WALTHAM, Mass. — Though he won’t be participating in the upcoming NBA summer league, Boston Celtics forward Jared Sullinger has been a full participant at practice this week.
That extra offseason work has allowed him to catch an early look the team’s top draft pick, Marcus Smart, and after two days on the court with the rookie, Sullinger is impressed with what he’s seen.
“I think the biggest thing that shocked me the most is, everyone said how good of an offensive player he is, but defensively, he’s just as good,” Sullinger told reporters after Wednesday’s session. “I think that’s a great attribute that he has, and the way he competes.
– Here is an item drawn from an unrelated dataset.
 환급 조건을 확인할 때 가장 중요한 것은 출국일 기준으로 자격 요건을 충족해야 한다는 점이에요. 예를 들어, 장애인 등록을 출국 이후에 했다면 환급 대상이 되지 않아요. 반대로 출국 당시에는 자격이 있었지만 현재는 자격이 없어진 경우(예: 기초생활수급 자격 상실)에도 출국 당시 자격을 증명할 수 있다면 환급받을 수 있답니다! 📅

He doesn’t let loose balls get away from him, he’s diving on loose balls, he’s trying to take charges, he’s doing it all, so it’s a big-time help.”
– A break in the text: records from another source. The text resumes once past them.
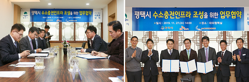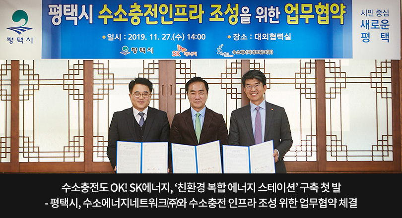 SK에너지는 11월 27일, 평택시 및 수소에너지네트워크㈜(이하 하이넷)와 ‘평택시 수소충전 인프라 조성’을 위한 업무협약을 체결했다.
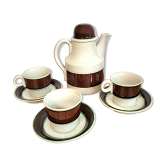Very good condition with minor signs of use. 6 cups with plate and 3 pots. Suggar pot: 10cmx10cm. Cup: 6, 5cm 8, 5cm 6, 5cm. Plate: 1, 5cm 14cmx14cm. Cream pot: 11, 5cmx11, 5cm 6, 5cm. Teapot: 23cm 22cm 10cm. Marked by producer.
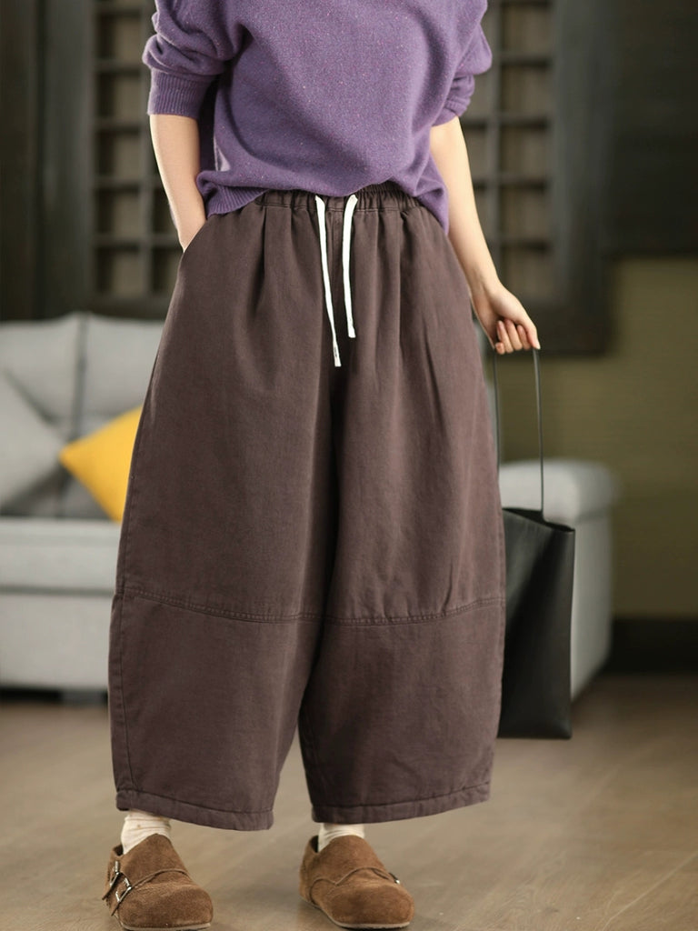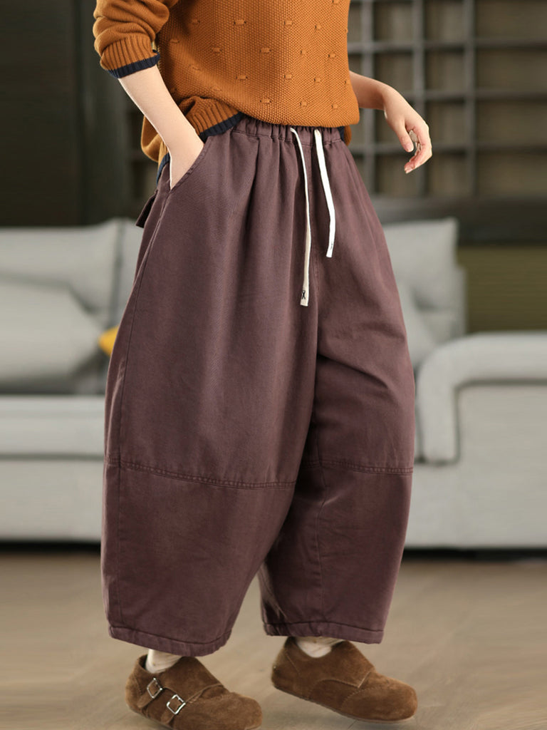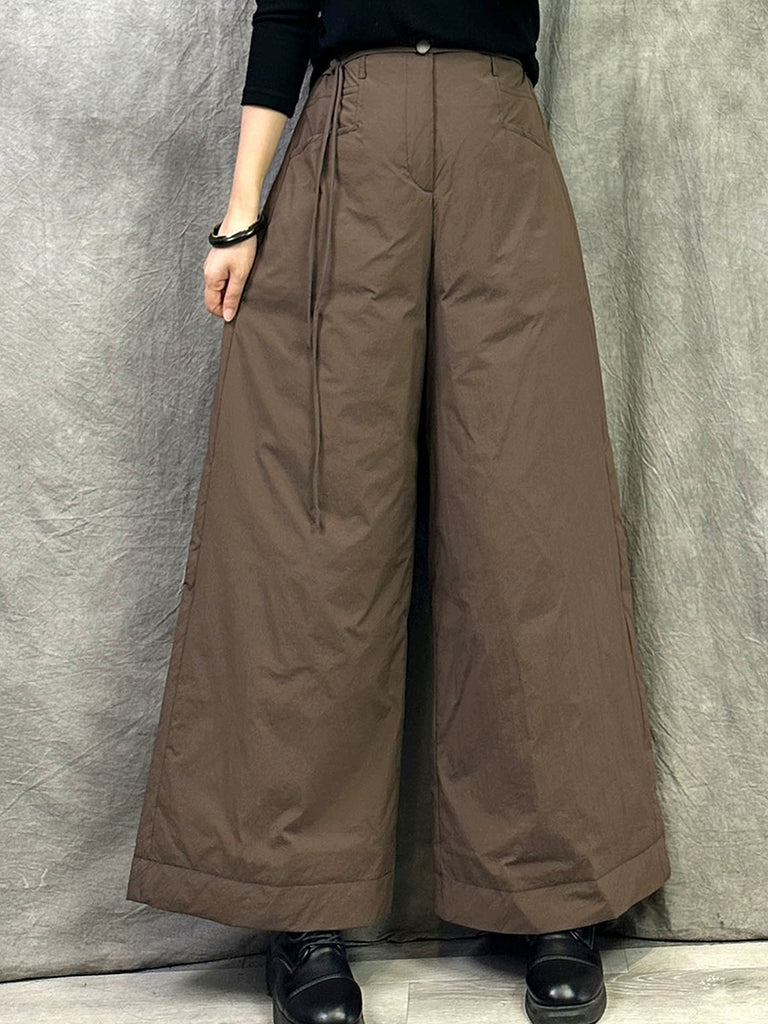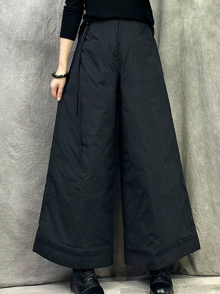 Kvinder Vinter Casual Ren Farve Dunbukser med Brede Ben
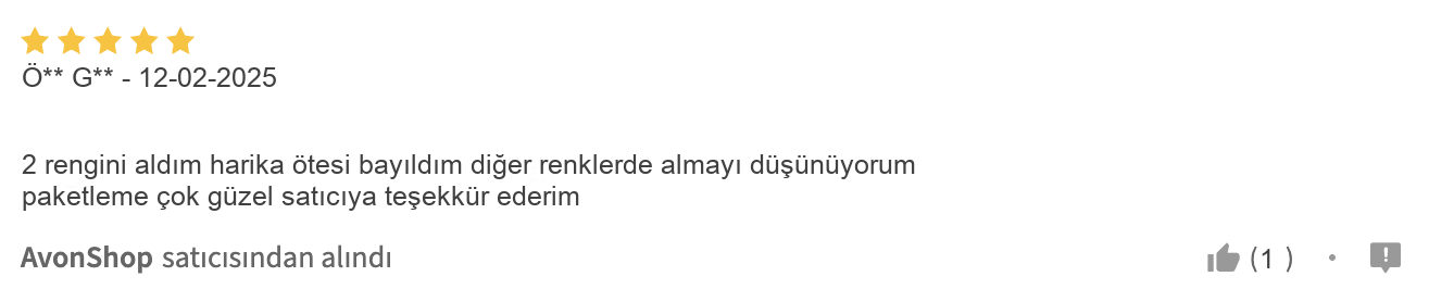 Avon ruj yorumları kısmında kullanıcılar renk canlılığı, kolay sürümü ve kalıcılığı özellikle vurguluyor. Paketlemenin özenli olması ve sorunsuz teslim diyenler, ürünün fiyat performans açısından da beklentileri karşıladığını belirtiyor. Siz de kaliteli ve uygun fiyatlı en iyi mat rujlar arasında arama yapıyorsanız, Ultra Mat Ruj – Berry Blast kesinlikle değerlendirilmesi gereken seçeneklerden biri.

Given Smart’s reputation as a fierce competitor during his time at Oklahoma State, it’s no surprise that he’s been flying around the court in his first official NBA practices. Celtics president of basketball operations Danny Ainge raved about the 20-year-old’s intangibles after selecting him No. 6 overall last week — a characterization Sullinger agreed with wholeheartedly.
“Marcus’ last name pretty much says it all about him on the basketball court,” Sullinger said. “He’s smart, he plays well and he’s a very, very tough defender. That was real shocking to me. I really didn’t watch a lot of college basketball, but you see a lot of highlights on ‘SportsCenter,’ and he was always good, but they never said anything about his defensive ability.”
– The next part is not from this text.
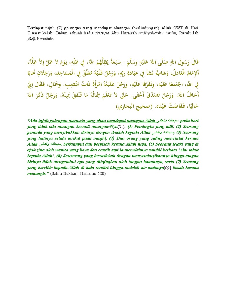 7 Golongan Mendapat Naungan Allah Di Hari Kiamat
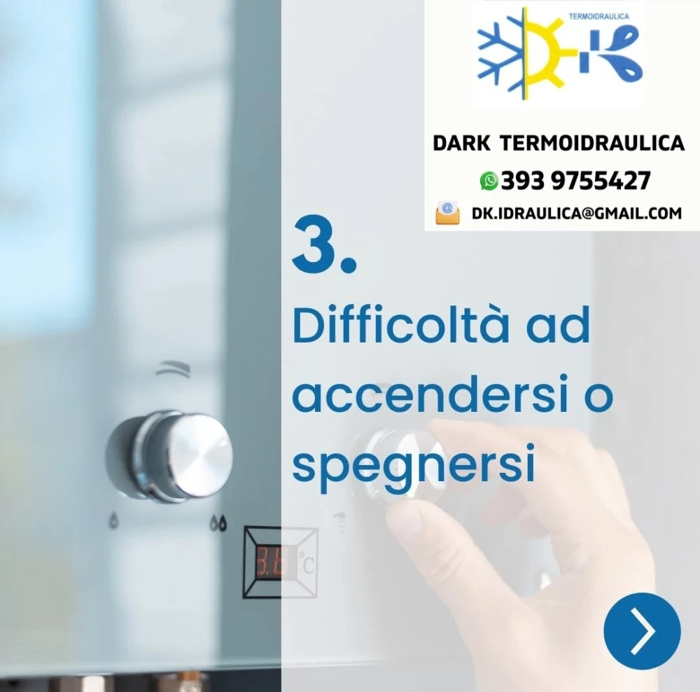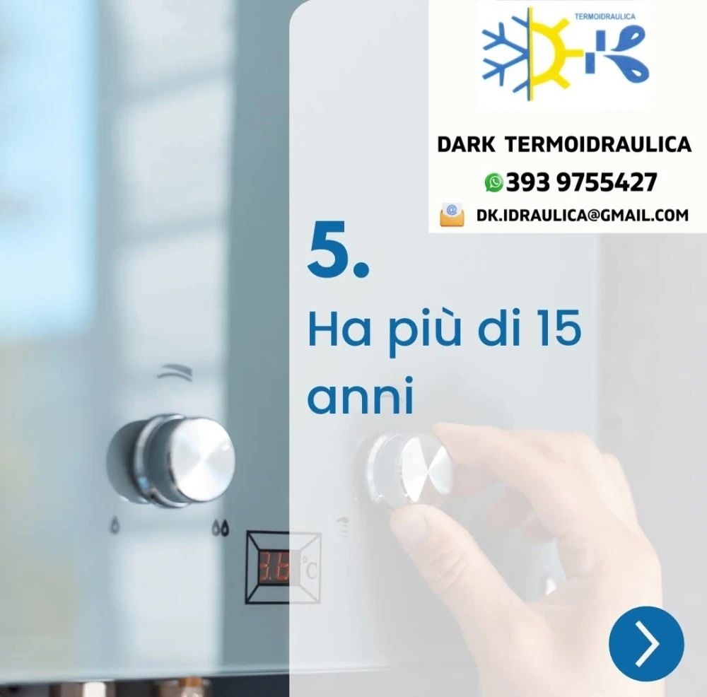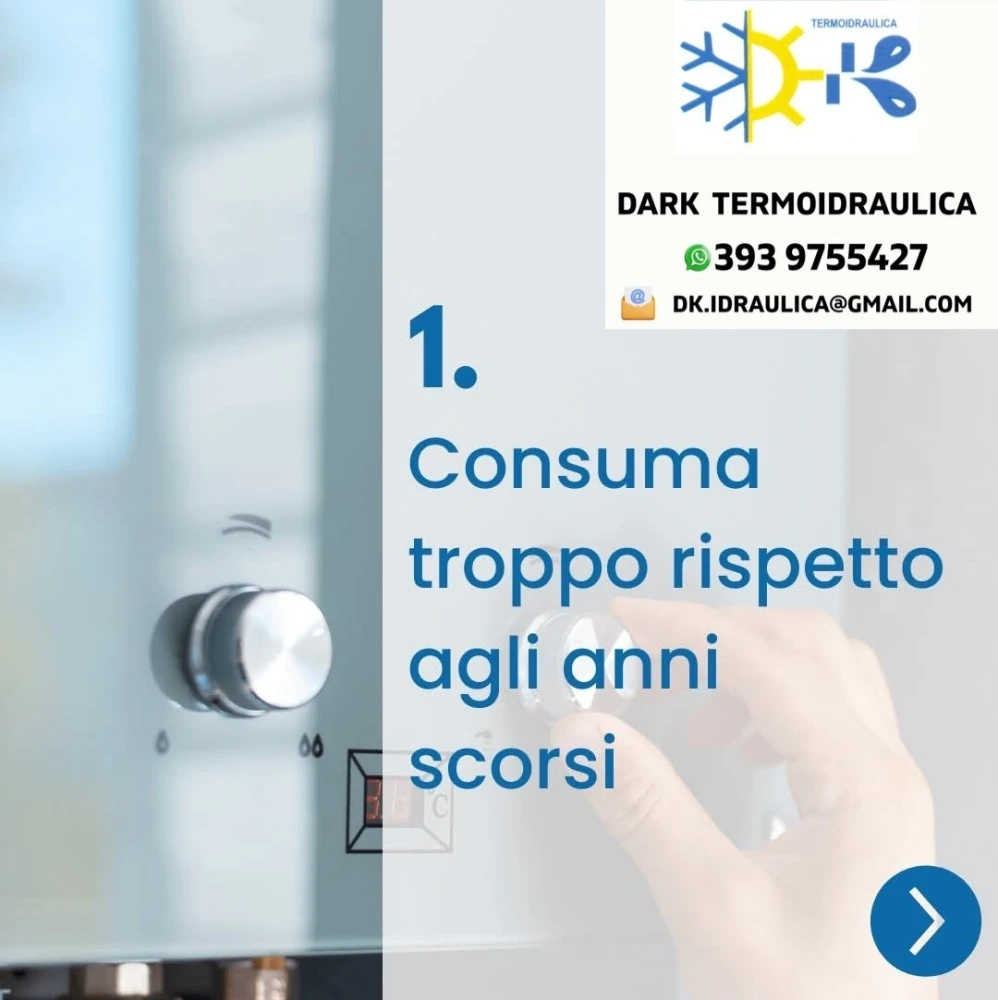 Consuma troppo rispetto agli anni scorsi; Rumori strani durante il funzionamento; Difficoltà ad accendersi o a spegnersi; Perdite d'acqua o pressione ballerina; Ha piu' di 15 anni. Se riconosci uno di questi segnali, è l'ora di valutare la sostituzione della tua caldaia.

That’s a ringing endorsement for a player who has yet to even play his first game in the summer league, which begins Saturday in Orlando. Sullinger stopped short, however, of giving Smart too much credit too early when asked to compare his defense to that of free-agent guard Avery Bradley, whom the Celtics reportedly re-signed to a four-year, $32 million contract Wednesday.
“Oh,” Sullinger responded. “I can’t give (Smart) that. He’s got some guys he has to guard first before I can compare him to Avery. Give him about 15 games then you can ask that question again.”